Question

Question #d43f9

Answer 1

`f(x)=x+2x^3+2/3x^5+...`

Explanation:

Start by recalling what the general Taylor series polynomial is. The purpose is to find an approximation of the original function centered around some value `a`, using the following formula:

`f(x)=f(a)+f(a)^(1)(x-a)/(1!)+f(a)^(2)(x-a)^2/(2!)+f(a)^(3)(x-a)^3/(3!)+...`

The only difference with the Maclaurin series is that `a=0`, giving

`f(x)=f(0)+f(0)^(1)(x)/(1!)+f(0)^(2)(x)^2/(2!)+f(0)^(3)(x)^3/(3!)+...`

With that formula in hand, we can go about finding the first few derivatives

`f(x)=xcosh(2x)`

`f(x)^(1)=2xsinh(2x)+cosh(2x)`

`f(x)^(2)=4sinh(2x)+4xcosh(2x)`

`f(x)^(3)=8xsinh(2x)+12cosh(2x)`

`f(x)^(4)=32sinh(2x)+16xcosh(2x)`

`f(x)^(5)=32xsinh(2x)+80cosh(2x)`

Next, plug `x=0` into each of these derivatives

`f(0)=0`

`f(0)^(1)=1`

`f(0)^(2)=0`

`f(0)^(3)=12`

`f(0)^4=0`

`f(0)^5=80`

You can see the pattern that only the odd numbered derivatives have a non-zero solution.
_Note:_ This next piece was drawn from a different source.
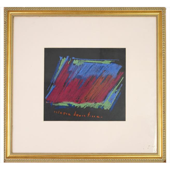 Já o pastel oleoso de MARIA LEONTINA (LOTE 35) mostra a potência da delicadeza. Em apenas 23 x 26 cm, a artista constrói uma atmosfera abstrata carregada de lirismo, onde cor e gesto sugerem silêncio e introspecção.

Finally, stick them in in the Maclaurin formula above

`f(x)=0+x/(1!)+0+(12x^3)/(3!)+0+(80x^5)/(5!)+...`

Removing the zeros and simplifying the factorials gives

`f(x)=x+2x^3+2/3x^5+...`

You can see that even these three terms (in red) follows the original function (in blue) for some distance.

I had to expand the window to `y=+-20` to even see where they start to split!